Abstract
Multiple endoscopic biopsy specimens of esophageal mucosa were received from a 13-year-old castrated male standard Poodle. The dog was presented for painful swallowing. Endoscopically, the distal aspect of the esophagus was inflamed with a polypoid mass that protruded into the esophageal lumen. Histologically, the stratified squamous epithelium overlying the mass and lining the adjacent esophageal mucosa was replaced by papillary projections covered by columnar epithelium with goblet cells supported by a fibrous stroma. This article reports a case of spontaneous esophageal adenomatous polyp with intestinal metaplasia (Barrett esophagus) and reviews the pathogenesis of esophageal metaplasia and adenocarcinoma.
Columnar-lined lower esophagus (CLE), or Barrett esophagus (BE), is a well-known and extensively studied entity in humans and has been induced experimentally in rats and dogs. 9,11 The presence of BE is the most important risk factor for the development of esophageal adenocarcinoma in humans. Although the pathogenesis of the disease is incompletely understood, the mechanism has been studied in canine, rat, and rabbit models. Experimentally, CLE has been induced in dogs by creating a lower esophageal mucosal defect and inducing acid reflux by cardioplasty and pentagastrin injection. 9 Spontaneous development of intestinal metaplasia of the esophagus, however, has not been described in the dog.
Clinical History
A 13-year-old castrated male standard Poodle presented to the Emergency Service at Tufts Cummings School of Veterinary Medicine for pain when swallowing, reluctance to eat, and hypersalivation. The dog had multiple bouts of pancreatitis over several months leading up to presentation and had clinical signs of hyperadrenocorticism (thin hair coat, comedones, and bilateral adrenal enlargement on ultrasound). No history of regurgitation was noted.

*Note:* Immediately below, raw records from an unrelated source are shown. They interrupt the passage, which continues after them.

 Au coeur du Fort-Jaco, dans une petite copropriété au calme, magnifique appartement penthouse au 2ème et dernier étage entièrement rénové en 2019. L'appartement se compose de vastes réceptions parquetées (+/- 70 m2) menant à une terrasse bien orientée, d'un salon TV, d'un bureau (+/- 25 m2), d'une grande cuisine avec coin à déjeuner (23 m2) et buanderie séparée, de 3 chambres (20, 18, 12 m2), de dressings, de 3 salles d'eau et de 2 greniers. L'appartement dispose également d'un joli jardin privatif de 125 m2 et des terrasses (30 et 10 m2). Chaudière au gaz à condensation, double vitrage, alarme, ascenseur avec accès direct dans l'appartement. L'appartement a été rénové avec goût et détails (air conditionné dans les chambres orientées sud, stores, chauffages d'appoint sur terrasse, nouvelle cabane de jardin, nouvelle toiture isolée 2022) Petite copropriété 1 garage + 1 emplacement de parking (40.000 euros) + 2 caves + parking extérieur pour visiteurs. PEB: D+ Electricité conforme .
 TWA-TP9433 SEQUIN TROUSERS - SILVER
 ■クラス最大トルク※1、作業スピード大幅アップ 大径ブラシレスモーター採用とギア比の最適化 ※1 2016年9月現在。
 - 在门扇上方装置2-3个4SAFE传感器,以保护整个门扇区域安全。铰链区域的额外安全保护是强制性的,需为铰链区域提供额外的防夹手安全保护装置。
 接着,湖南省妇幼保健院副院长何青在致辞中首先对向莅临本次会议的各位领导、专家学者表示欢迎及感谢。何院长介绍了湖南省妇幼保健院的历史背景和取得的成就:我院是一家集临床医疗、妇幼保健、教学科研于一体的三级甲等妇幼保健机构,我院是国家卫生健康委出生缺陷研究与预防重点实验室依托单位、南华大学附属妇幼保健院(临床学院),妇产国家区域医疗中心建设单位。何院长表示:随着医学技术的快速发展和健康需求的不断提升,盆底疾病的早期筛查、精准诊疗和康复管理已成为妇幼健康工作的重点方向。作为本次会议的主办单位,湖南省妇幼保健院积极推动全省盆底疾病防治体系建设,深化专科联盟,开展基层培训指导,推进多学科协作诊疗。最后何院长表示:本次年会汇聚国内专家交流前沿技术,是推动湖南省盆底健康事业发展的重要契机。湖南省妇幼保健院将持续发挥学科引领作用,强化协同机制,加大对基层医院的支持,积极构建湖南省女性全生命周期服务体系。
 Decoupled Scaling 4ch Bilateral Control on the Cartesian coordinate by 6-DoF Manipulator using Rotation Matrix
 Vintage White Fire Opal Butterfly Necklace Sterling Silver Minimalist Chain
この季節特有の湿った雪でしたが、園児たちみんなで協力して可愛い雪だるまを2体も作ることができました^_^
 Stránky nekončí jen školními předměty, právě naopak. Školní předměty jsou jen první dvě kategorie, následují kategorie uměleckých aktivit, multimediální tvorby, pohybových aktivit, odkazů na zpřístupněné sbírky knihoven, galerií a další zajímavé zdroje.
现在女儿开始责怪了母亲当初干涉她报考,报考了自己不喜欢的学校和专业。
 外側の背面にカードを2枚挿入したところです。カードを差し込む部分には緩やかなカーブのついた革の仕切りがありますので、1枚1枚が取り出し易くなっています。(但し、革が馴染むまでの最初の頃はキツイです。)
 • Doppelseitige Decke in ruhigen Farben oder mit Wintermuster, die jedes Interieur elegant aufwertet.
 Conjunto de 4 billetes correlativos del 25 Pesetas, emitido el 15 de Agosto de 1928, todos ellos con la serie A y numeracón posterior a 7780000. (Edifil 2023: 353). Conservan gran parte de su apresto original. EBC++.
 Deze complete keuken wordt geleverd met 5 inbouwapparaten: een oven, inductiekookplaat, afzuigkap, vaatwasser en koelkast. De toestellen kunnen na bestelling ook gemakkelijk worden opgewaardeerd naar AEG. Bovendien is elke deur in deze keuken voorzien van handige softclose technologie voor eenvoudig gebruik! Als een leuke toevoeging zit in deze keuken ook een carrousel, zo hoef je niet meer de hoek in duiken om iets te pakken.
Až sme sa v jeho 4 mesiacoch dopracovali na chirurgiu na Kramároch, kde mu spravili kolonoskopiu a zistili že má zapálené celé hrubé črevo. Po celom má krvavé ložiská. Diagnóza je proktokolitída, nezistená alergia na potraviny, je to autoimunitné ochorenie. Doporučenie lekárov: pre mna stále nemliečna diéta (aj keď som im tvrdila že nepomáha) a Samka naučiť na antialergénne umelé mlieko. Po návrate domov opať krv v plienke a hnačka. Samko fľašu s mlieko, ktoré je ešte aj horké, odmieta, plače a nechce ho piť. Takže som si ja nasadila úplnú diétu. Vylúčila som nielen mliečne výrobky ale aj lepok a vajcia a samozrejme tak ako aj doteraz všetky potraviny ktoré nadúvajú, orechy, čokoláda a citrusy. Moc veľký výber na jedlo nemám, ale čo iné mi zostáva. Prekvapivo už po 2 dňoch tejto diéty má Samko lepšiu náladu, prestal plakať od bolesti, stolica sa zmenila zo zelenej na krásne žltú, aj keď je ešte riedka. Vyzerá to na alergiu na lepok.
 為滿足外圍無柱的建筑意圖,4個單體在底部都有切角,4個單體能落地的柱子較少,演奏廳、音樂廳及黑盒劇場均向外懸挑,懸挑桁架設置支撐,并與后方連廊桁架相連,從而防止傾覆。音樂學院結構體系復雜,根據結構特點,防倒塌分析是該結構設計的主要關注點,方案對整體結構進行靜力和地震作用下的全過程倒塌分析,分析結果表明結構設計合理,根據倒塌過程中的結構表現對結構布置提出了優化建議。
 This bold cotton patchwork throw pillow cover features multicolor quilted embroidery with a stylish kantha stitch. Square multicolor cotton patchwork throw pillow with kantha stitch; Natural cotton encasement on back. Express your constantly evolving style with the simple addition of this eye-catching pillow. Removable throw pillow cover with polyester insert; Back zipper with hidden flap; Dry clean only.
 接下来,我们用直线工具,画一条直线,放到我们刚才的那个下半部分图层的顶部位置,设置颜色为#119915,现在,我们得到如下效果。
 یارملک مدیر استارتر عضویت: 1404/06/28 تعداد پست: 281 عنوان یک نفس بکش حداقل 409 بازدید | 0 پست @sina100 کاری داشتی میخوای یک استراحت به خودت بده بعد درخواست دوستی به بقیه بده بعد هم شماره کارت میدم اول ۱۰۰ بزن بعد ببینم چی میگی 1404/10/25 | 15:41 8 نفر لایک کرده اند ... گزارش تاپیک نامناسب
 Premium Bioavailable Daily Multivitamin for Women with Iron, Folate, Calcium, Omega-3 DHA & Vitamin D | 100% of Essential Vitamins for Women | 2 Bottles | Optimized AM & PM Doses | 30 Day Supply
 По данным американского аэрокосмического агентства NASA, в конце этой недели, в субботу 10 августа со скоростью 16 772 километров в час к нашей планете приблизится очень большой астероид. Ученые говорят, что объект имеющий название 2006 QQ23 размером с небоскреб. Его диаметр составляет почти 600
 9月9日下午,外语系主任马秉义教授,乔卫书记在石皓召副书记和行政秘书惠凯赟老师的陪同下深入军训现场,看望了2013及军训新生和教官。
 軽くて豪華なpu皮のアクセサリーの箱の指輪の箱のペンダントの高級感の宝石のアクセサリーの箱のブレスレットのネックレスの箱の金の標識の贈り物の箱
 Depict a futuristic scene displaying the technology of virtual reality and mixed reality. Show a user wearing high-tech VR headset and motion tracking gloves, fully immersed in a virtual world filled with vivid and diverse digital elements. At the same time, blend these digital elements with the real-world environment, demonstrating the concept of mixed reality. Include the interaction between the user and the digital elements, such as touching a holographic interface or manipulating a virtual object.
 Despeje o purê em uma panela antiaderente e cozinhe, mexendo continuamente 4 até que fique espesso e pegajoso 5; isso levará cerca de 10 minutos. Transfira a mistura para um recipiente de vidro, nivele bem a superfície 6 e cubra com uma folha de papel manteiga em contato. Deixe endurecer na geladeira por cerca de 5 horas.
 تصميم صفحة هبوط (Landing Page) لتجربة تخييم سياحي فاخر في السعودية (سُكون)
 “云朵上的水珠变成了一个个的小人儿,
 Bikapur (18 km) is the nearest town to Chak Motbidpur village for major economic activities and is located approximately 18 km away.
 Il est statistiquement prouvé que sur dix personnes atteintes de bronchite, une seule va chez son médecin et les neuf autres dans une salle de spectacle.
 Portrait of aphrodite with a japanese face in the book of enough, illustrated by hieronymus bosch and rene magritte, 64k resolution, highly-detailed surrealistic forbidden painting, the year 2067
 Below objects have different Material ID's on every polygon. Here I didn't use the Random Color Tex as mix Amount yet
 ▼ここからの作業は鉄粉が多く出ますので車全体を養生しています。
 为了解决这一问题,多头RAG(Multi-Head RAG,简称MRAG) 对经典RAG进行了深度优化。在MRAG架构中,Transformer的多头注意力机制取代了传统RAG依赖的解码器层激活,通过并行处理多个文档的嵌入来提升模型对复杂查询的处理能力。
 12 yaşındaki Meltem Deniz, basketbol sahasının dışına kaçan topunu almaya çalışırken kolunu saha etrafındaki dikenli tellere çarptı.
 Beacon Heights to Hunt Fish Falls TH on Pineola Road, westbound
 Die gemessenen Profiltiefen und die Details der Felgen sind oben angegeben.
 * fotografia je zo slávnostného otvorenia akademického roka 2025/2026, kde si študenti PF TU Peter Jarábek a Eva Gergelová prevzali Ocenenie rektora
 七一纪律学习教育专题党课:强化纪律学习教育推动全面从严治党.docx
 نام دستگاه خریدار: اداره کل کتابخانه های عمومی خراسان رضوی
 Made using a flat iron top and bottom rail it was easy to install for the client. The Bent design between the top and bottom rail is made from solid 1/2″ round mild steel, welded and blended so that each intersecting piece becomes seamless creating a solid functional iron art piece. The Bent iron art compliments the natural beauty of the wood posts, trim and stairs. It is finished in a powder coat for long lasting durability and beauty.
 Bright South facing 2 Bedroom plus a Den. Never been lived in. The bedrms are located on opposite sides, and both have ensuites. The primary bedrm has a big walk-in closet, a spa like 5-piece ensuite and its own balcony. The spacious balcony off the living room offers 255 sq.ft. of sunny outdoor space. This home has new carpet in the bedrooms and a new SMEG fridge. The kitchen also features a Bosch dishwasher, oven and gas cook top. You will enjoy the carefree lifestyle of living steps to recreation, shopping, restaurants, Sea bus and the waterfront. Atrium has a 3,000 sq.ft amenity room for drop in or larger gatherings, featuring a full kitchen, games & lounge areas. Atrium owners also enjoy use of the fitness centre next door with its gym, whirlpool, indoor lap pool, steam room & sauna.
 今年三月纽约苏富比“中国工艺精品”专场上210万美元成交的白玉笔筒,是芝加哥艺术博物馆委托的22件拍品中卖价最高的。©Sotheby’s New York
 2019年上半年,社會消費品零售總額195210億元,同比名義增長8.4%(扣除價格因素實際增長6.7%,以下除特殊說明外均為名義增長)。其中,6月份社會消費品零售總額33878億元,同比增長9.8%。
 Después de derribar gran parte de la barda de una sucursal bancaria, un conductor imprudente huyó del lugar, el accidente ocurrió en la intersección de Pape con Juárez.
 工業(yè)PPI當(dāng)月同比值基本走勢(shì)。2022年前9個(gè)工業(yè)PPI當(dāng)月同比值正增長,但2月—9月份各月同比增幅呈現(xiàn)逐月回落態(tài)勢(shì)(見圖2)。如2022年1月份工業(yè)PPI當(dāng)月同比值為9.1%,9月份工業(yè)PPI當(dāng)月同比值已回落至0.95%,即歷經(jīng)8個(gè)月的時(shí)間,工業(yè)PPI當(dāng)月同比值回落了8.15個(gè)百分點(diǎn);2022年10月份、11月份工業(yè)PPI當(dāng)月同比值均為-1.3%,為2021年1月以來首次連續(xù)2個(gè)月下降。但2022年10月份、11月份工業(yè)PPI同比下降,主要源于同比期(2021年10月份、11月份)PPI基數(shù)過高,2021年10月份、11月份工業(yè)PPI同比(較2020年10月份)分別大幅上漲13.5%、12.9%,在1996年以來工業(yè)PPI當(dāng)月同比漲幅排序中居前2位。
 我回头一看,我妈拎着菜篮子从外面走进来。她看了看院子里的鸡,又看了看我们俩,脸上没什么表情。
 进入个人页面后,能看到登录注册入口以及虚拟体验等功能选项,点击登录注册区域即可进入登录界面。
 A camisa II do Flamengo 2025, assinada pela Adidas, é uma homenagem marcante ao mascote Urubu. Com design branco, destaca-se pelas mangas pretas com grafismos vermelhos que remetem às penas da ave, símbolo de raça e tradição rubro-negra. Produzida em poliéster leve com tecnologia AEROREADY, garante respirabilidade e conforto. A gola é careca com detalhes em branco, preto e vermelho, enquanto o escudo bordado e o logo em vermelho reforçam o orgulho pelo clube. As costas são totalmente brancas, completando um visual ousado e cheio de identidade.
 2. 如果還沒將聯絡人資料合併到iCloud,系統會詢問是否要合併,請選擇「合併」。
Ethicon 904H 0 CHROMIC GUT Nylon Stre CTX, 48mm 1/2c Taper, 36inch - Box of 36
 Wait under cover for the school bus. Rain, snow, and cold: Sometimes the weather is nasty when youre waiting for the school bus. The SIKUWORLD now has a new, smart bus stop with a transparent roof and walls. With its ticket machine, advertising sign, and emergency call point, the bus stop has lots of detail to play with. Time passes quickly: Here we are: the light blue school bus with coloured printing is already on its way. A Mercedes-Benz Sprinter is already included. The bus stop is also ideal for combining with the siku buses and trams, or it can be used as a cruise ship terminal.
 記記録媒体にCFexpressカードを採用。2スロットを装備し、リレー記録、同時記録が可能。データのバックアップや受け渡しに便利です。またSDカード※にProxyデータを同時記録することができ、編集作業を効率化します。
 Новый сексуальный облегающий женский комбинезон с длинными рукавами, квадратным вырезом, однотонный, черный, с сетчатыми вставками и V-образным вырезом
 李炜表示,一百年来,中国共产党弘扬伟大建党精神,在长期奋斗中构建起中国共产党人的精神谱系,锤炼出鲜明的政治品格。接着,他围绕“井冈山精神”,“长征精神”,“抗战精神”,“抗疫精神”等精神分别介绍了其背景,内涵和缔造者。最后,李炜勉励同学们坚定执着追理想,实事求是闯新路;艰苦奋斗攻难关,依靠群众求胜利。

On physical exam, the dog was agitated and vocalizing; it also had abdominal distention, ptyalism, bilaterally firm submandibular lymph nodes, thin hair coat, comedones, rear limb weakness, and a grade IV/VI heart murmur. The dog also had persistent systemic hypertension (> 200 mmHg), with no response to medications (enalipril and amlodipine).
A gastrointestinal barium study was performed, and no abnormal gastric emptying or abnormal intestinal transit was found. Hematologic abnormalities included a mature neutrophilia (26.9 × 103/μl; range 4.9–16.9 × 103/μl), with mild elevation of alkaline phosphatase (311 U/L; range 12–121 U/L). Treatment was initiated to control pain, blood pressure, and odynophagia.
Endoscopic Observations
Upon endoscopic examination, the distal aspect of the esophagus was inflamed, and a broad-based sessile mass projected into the esophageal lumen (Fig. 1), approximately 1 cm orad to the cardiac sphincter. Multiple endoscopic biopsy specimens were taken from the mass and surrounding inflamed esophageal mucosa. The cardiac sphincter was open and the stomach was filled with bilious fluid. The fluid was removed, and multiple pinpoint ulcers were observed.
Microscopic Findings
Eight mucosal biopsy specimens of the esophageal mass and surrounding esophageal mucosa were submitted for histologic evaluation. Samples were fixed in 10% neutral-buffered formalin, routinely processed, and stained with hematoxylin and eosin (HE). Additional sections were stained with periodic acid–Schiff (PAS) and alcian blue (pH 2.5).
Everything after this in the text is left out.